Taking the data below, please print only the lines from the line holding "Young Bison bonasus" to the line holding "Renato Steffen with", inclusive, with pictures omitted.

○ ○ ○ ○ ○

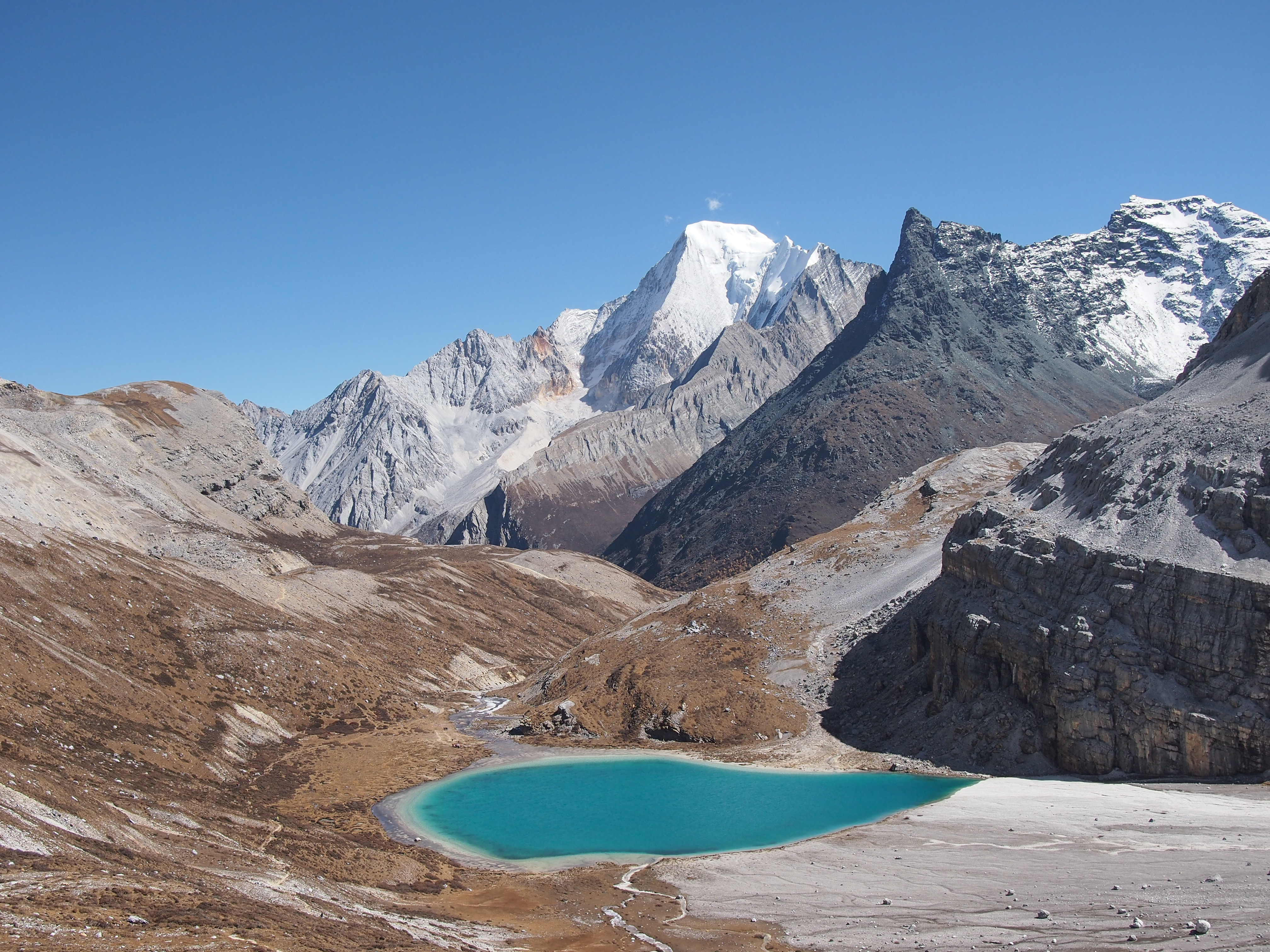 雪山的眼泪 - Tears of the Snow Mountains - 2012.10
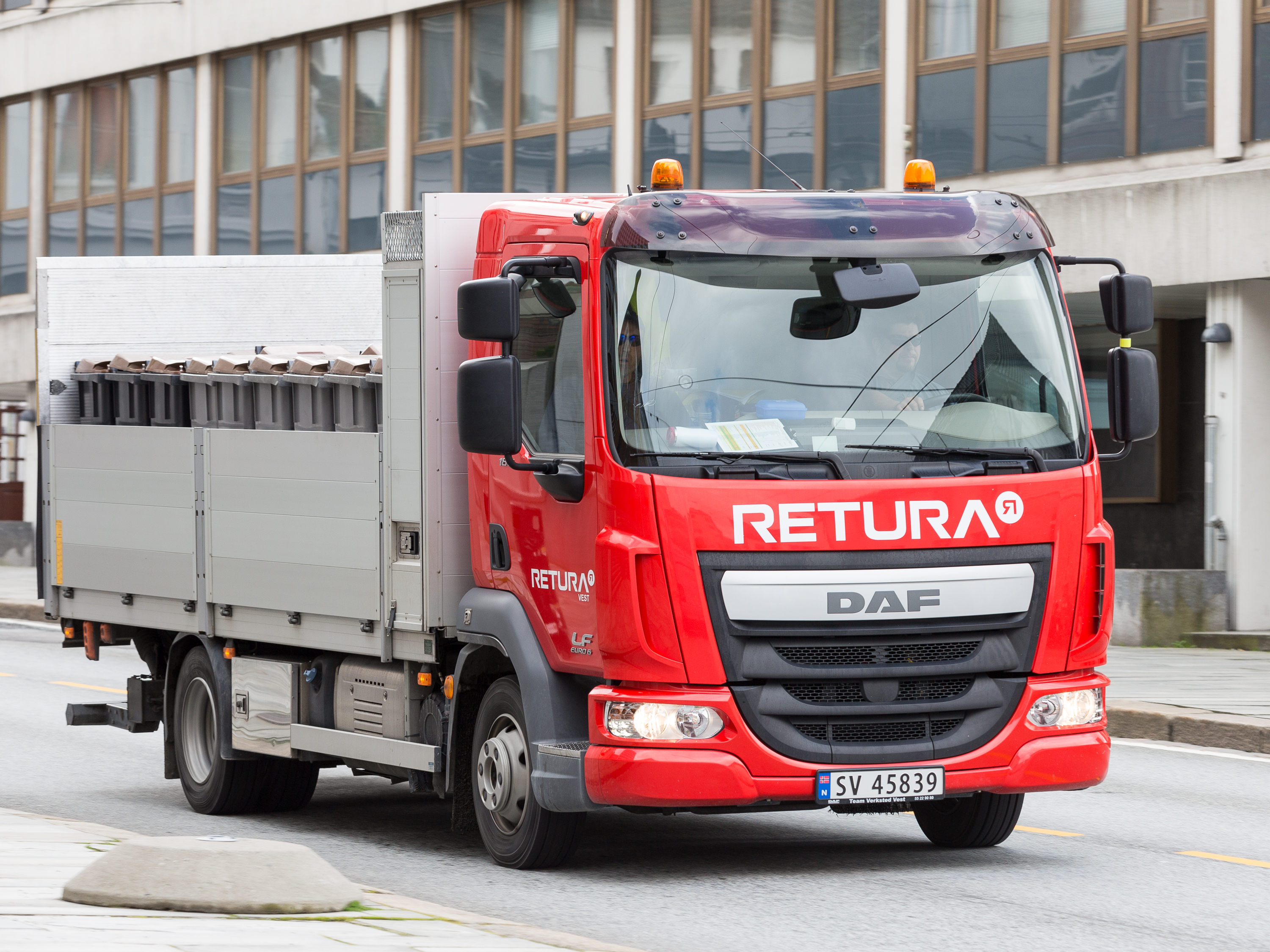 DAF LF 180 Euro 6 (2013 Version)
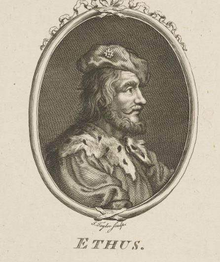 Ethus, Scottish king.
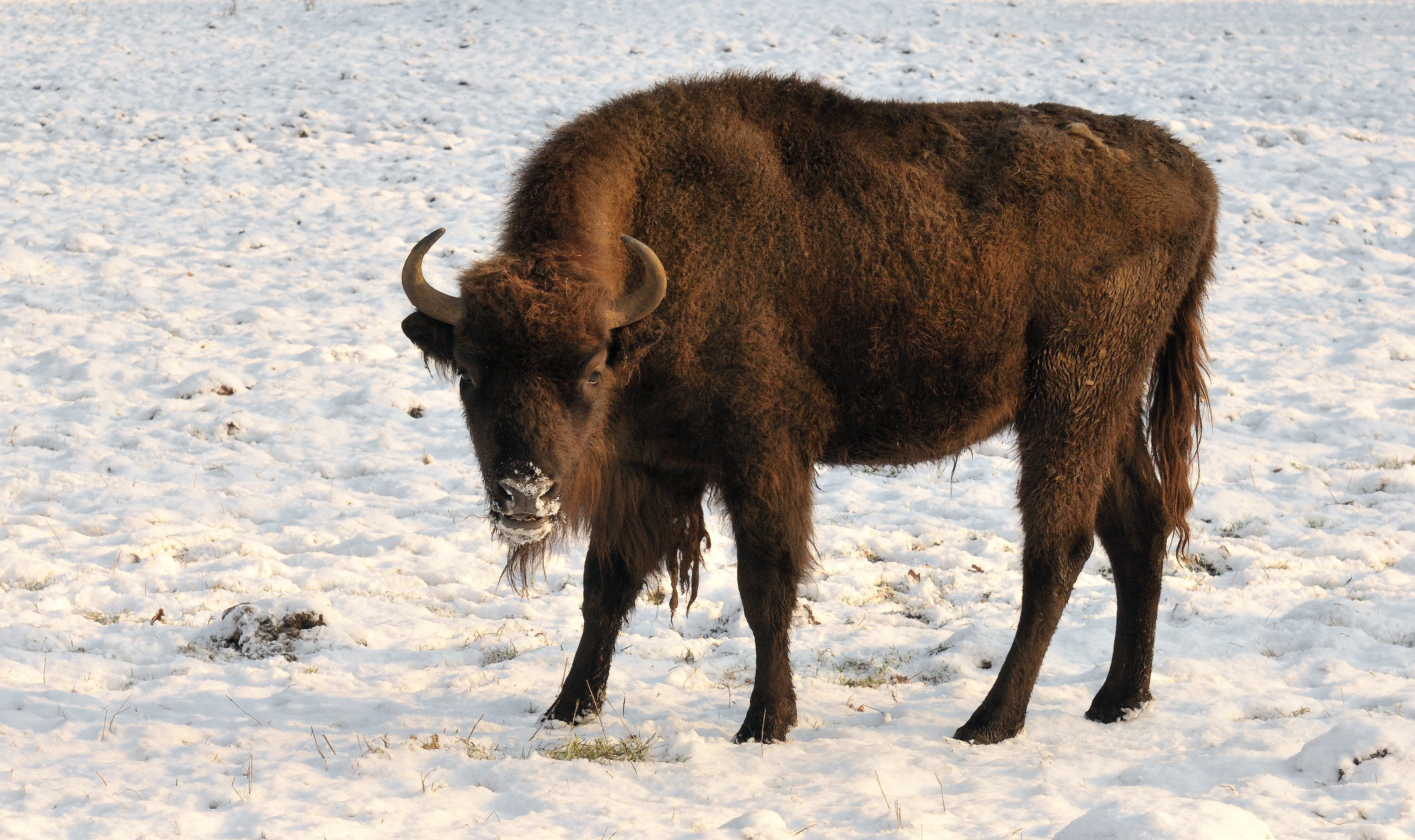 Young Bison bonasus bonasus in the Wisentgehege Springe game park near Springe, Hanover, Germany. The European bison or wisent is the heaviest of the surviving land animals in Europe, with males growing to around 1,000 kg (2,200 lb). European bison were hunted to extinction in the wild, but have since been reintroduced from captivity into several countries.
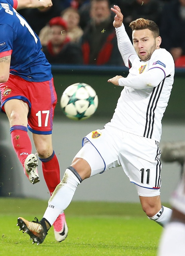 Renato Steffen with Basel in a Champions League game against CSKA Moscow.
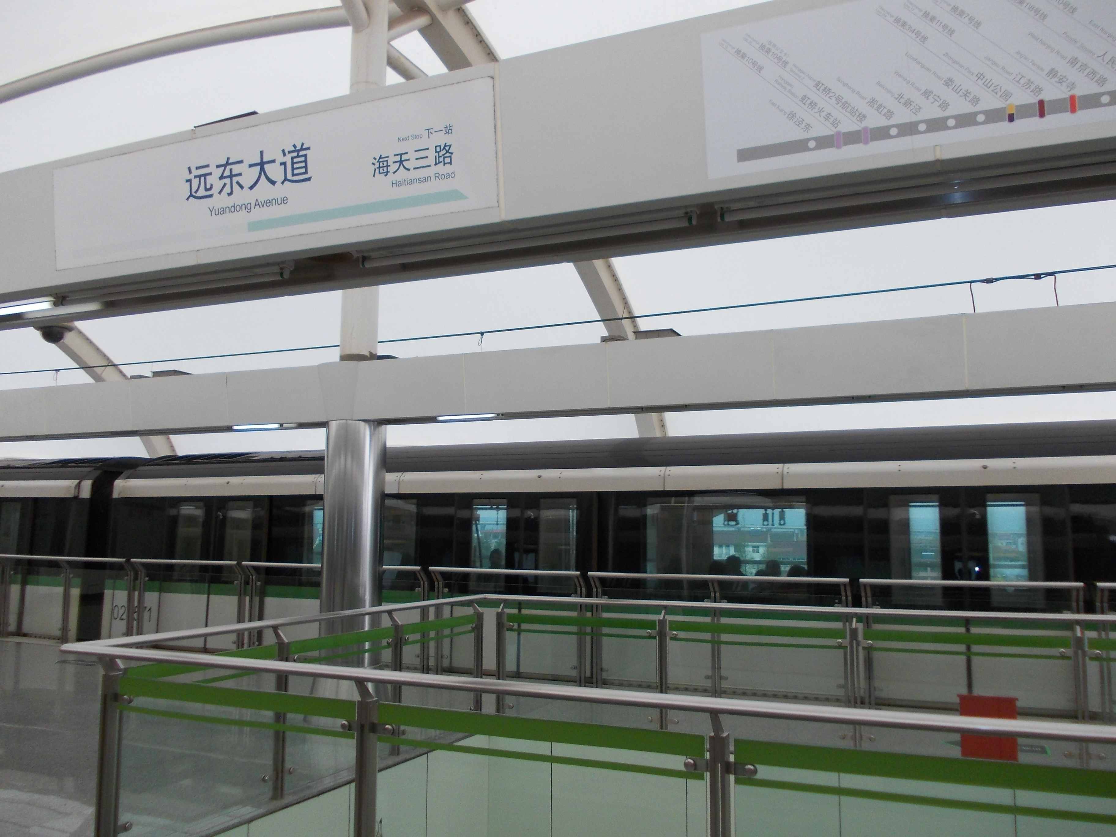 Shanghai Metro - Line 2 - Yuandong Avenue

○ ○ ○ ○ ○

Answer section:
 Young Bison bonasus bonasus in the Wisentgehege Springe game park near Springe, Hanover, Germany. The European bison or wisent is the heaviest of the surviving land animals in Europe, with males growing to around 1,000 kg (2,200 lb). European bison were hunted to extinction in the wild, but have since been reintroduced from captivity into several countries.
 Renato Steffen with Basel in a Champions League game against CSKA Moscow.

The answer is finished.